What the exercise asks: Would you return the lines that run from the start of the data below to the line with "VDO-SLAM [85]: Utilizing", both included, exactly as written and without pictures?

Collected data:
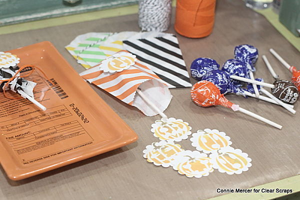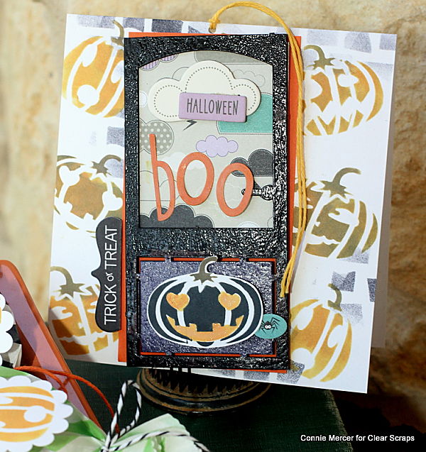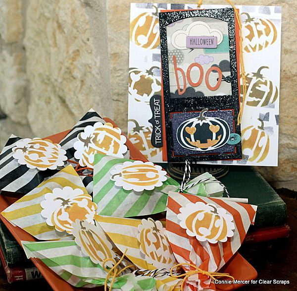 Hi, Connie here with a fun Halloween project using the Jack O Lantern stencil and the Basic Door chipboard piece by Clear Scraps. Candy treat bags and a card were created. The jack o lantern stencil was used for three purposes, the background on the card, the embellishment for the treats and the door jack o lantern. Pretty useful stencil!!!
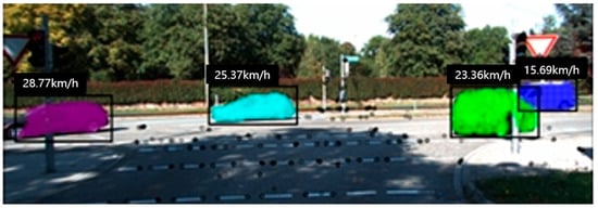 VDO-SLAM [85]: Utilizing Mask R-CNN for instance segmentation and object tracking, this method excluded objects exhibiting independent motion from ego-motion estimation between frames. VDO-SLAM integrated optical flow or alternative object tracking techniques to monitor objects across consecutive frames. This strategy facilitated the tracking of dynamic objects during camera pose estimation, thereby enhancing the efficacy of visual odometry in dynamic environments. This approach effectively elevated the performance of visual odometry, particularly in intricate environments with a significant presence of dynamic objects. Figure 6 shows the dynamic tracking and recognition of vehicles.
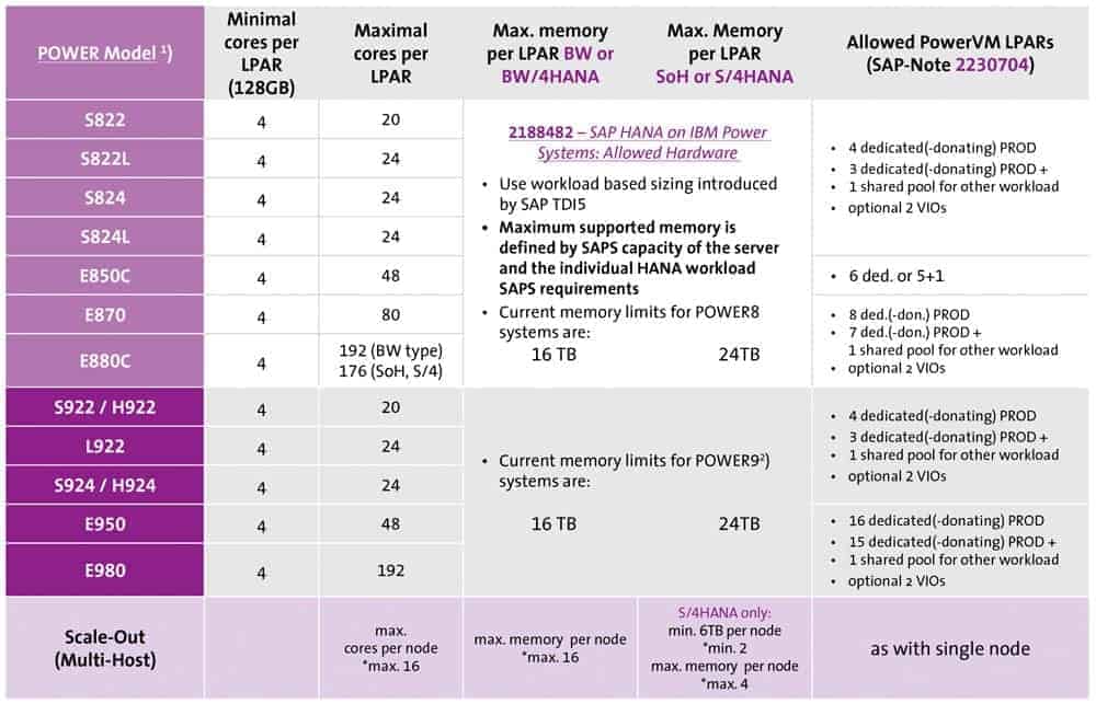The only drawback is that a Power machine with 4 TB cannot provide 4069 GB because the virtualization itself needs some GB. In most cases, however, customer can accept that 1 TB means 1000 GB – making the supposed problem disappear. New IBM Power 9 machines, which provide up to 16 TB with high density DIMMs and up to 8 TB with more cost-efficient DIMMs, grant yet another opportunity to optimize system landscapes even further.

Written answer:
 Hi, Connie here with a fun Halloween project using the Jack O Lantern stencil and the Basic Door chipboard piece by Clear Scraps. Candy treat bags and a card were created. The jack o lantern stencil was used for three purposes, the background on the card, the embellishment for the treats and the door jack o lantern. Pretty useful stencil!!!
 VDO-SLAM [85]: Utilizing Mask R-CNN for instance segmentation and object tracking, this method excluded objects exhibiting independent motion from ego-motion estimation between frames. VDO-SLAM integrated optical flow or alternative object tracking techniques to monitor objects across consecutive frames. This strategy facilitated the tracking of dynamic objects during camera pose estimation, thereby enhancing the efficacy of visual odometry in dynamic environments. This approach effectively elevated the performance of visual odometry, particularly in intricate environments with a significant presence of dynamic objects. Figure 6 shows the dynamic tracking and recognition of vehicles.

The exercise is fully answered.